On 6/28/23 02:20, Nikolay Borisov wrote:
>>
>> + /*
>> + * Starting from this point the system may have TDX private
>> + * memory. Make it globally visible so tdx_reset_memory() only
>> + * reads TDMRs/PAMTs when they are stable.
>> + *
>> + * Note using atomic_inc_return() to provide the explicit memory
>> + * ordering isn't mandatory here as the WBINVD above already
>> + * does that. Compiler barrier isn't needed here either.
>> + */
>
> If it's not needed, then why use it? Simply do atomic_inc() and instead
> rephrase the comment to state what are the ordering guarantees and how
> they are achieved (i.e by using wbinvd above).

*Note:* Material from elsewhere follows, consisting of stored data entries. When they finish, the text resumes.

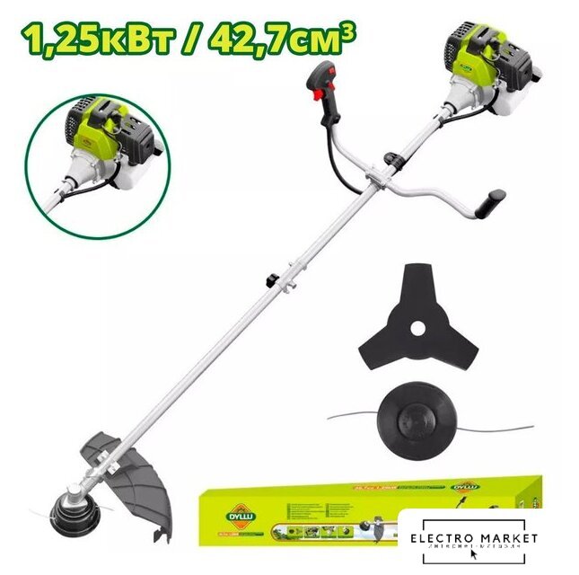 бензиновый, двухтактный, 1600 Вт, оснастка: леска+металлический диск, ширина скашивания: 25.5-44 см, легкий пуск, 7.8 кг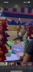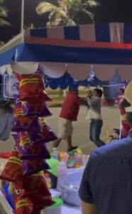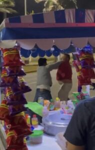 El comerciante de elotes y esquites, así como dorilocos, vestía una playera roja y short, aparentemente es muy famoso en el antro, debido a que disfruta del trago y de vender sus deliciosos elotes.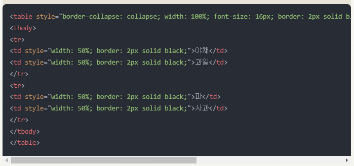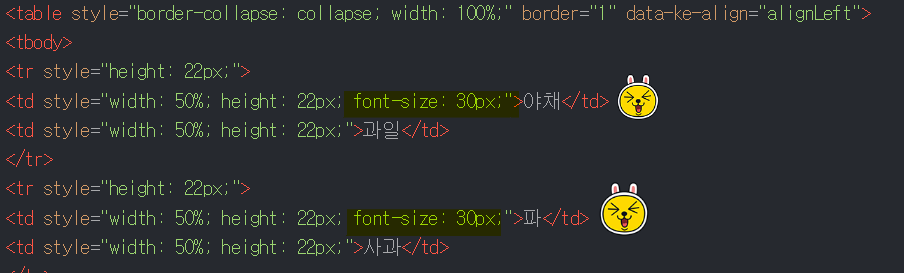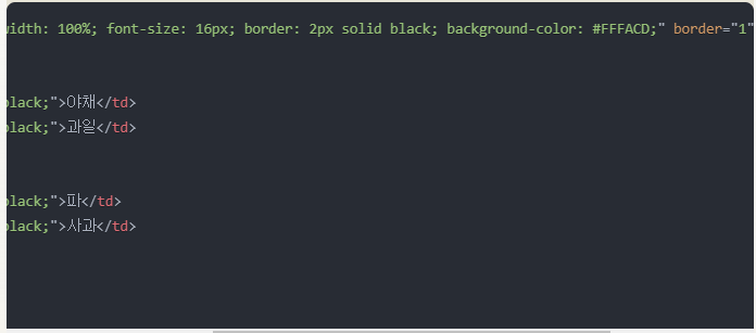 내부 셀의 컬러는 " background-color: #FFFACD;"를 추가하여 편집하면 됩니다.
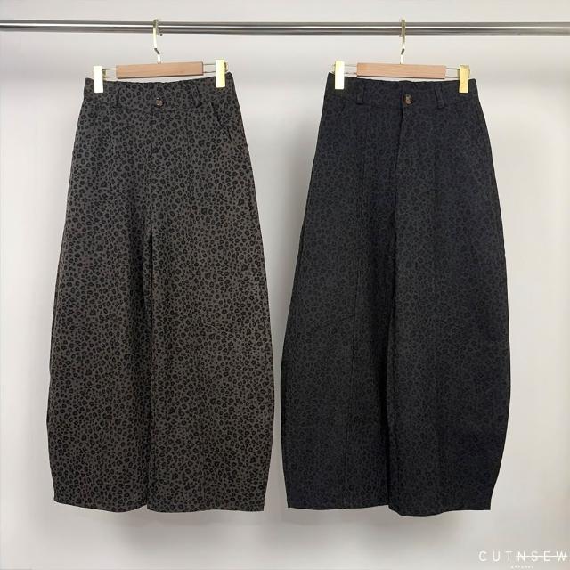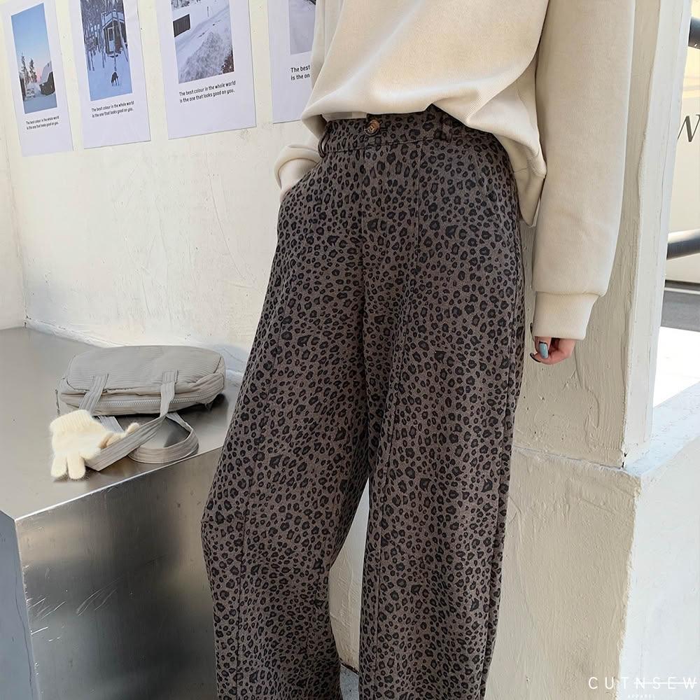 CUTNSEW【71923】現貨 滿版豹紋刷毛休閒褲 錐型褲 繭型褲 彎刀褲 顯瘦修身 秋冬 厚磅磨毛 韓系 熱銷款

Even better, explain why the barrier needs to be there and *IGNORE* the
WBVIND.
If the WBINVD gets moved -- or if the gods ever bless us with a halfway
reasonable way to flush the caches that's not full serializing -- this
code is screwed.
There is _zero_ reason to try and "optimize" this junk by trying to get
rid of a memory barrier at the risk of screwing it over later.
I use "optimize" in quotes because that's a highly charitable way of
describing this activity.
On Wed, 2023-06-28 at 17:32 -0700, Dave Hansen wrote:
> On 6/28/23 02:20, Nikolay Borisov wrote:
> > >
> > > + /*
> > > + * Starting from this point the system may have TDX private
> > > + * memory. Make it globally visible so tdx_reset_memory() only
> > > + * reads TDMRs/PAMTs when they are stable.
> > > + *
> > > + * Note using atomic_inc_return() to provide the explicit memory
> > > + * ordering isn't mandatory here as the WBINVD above already
> > > + * does that. Compiler barrier isn't needed here either.
> > > + */
> >
> > If it's not needed, then why use it? Simply do atomic_inc() and instead
> > rephrase the comment to state what are the ordering guarantees and how
> > they are achieved (i.e by using wbinvd above).
>
> Even better, explain why the barrier needs to be there and *IGNORE* the
> WBVIND.
>
> If the WBINVD gets moved -- or if the gods ever bless us with a halfway
> reasonable way to flush the caches that's not full serializing -- this
> code is screwed.
>
> There is _zero_ reason to try and "optimize" this junk by trying to get
> rid of a memory barrier at the risk of screwing it over later.
>
> I use "optimize" in quotes because that's a highly charitable way of
> describing this activity.
>
Agreed. I'll try to explain this well and come back.
Thanks!
On Wed, 2023-06-28 at 12:20 +0300, Nikolay Borisov wrote:
> > + atomic_inc_return(&tdx_may_has_private_mem);
> > +
> > /* Config the key of global KeyID on all packages */
> > ret = config_global_keyid();
> > if (ret)
> > @@ -1154,6 +1167,15 @@ static int init_tdx_module(void)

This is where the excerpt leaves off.